The vet recommended Clomicalm for her, but we are trying to curb this problem with more physical and mental exercise and also trying to change the sleeping arrangements for her. So far no peeing problem, just a new one of her pooping on the treadmill. 
Let's see if a change of diet can help with that.


----------



## hulkamaniac (Feb 11, 2009)

Walking will get a dog going. It could just be that walking on the treadmill is enough to make her have to go. Having her walk around the block at that same speed would probably have the same effect.


----------



## poodleholic (Mar 15, 2007)

> She potty trained rather quickly and hasn't had accidents in the house since she was 3 months old, but did this treadmill pooping wich is rather odd.
> I always take her out on a leash, and tell her to "go potty", and when she does her business i praise her and give her a treat. I'm using verbal praise more often now since she's a year old and quite honestly this is the first accidents since she was 3 months old.


Then this is unusual for her, which is usually indicative of a problem. What that problem is needs to be determined. The pooping while on the treadmill is not "odd" at all. Being on the treadmill stimulated her bowels, so she pooped. That's perfectly normal. With the goopy stools, and irregular elimination, she may have an irritable bowel, and that could easily be caused by the food she's on. Observation and recording those observations is a good tool in determining what's going on with a dog. 



> As for her hyperactivity, wich is kinda insane especially when meeting people or dogs, the vet thinks she has an anxiety disorder.


For pete's sake, she's 12 months old! She's still a puppy, and that kind of behavior, especially in her breed, is hardly "abnormal!" ANXIETY DISORDER? Get another opinion from a vet who isn't into using drugs at the drop of a hat! 

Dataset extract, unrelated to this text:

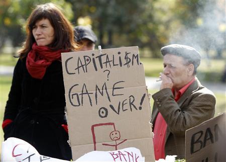 Protesters take part in the “Occupy Bucharest” protest in downtown Bucharest October 15, 2011. REUTERS/Bogdan Cristel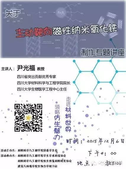 为了增进同学们对仿生修复材料的认识和兴趣,进一步提高同学们的科技创新能力,促进大学生学以致用,积极参与材料科学与工程相关领域研究,经3044am永利集团3044noc团委学生会决定,于2015年12月6日16:00,在3044am永利集团3044noc江安校区第一基础教学楼B座103教室,开展关于主动靶向磁性纳米氧化铁的制作专题讲座。

> I brought her to the vet last week because she kept peeing in her crate during the night. After medical issues were ruled out, it was labeled as behavioural and the problems seem to have ceased when i started letting her sleep with the crate door open. She doesn't have these issues during the day.


She was just spayed, right? This peeing could be post-surgical incontinance, and exacerbated if she's feeling stressed. Since it's cleared up, no problem. 



> The vet recommended Clomicalm for her, but we are trying to curb this problem with more physical and mental exercise and also trying to change the sleeping arrangements for her. So far no peeing problem, just a new one of her pooping on the treadmill.
> Let's see if a change of diet can help with that.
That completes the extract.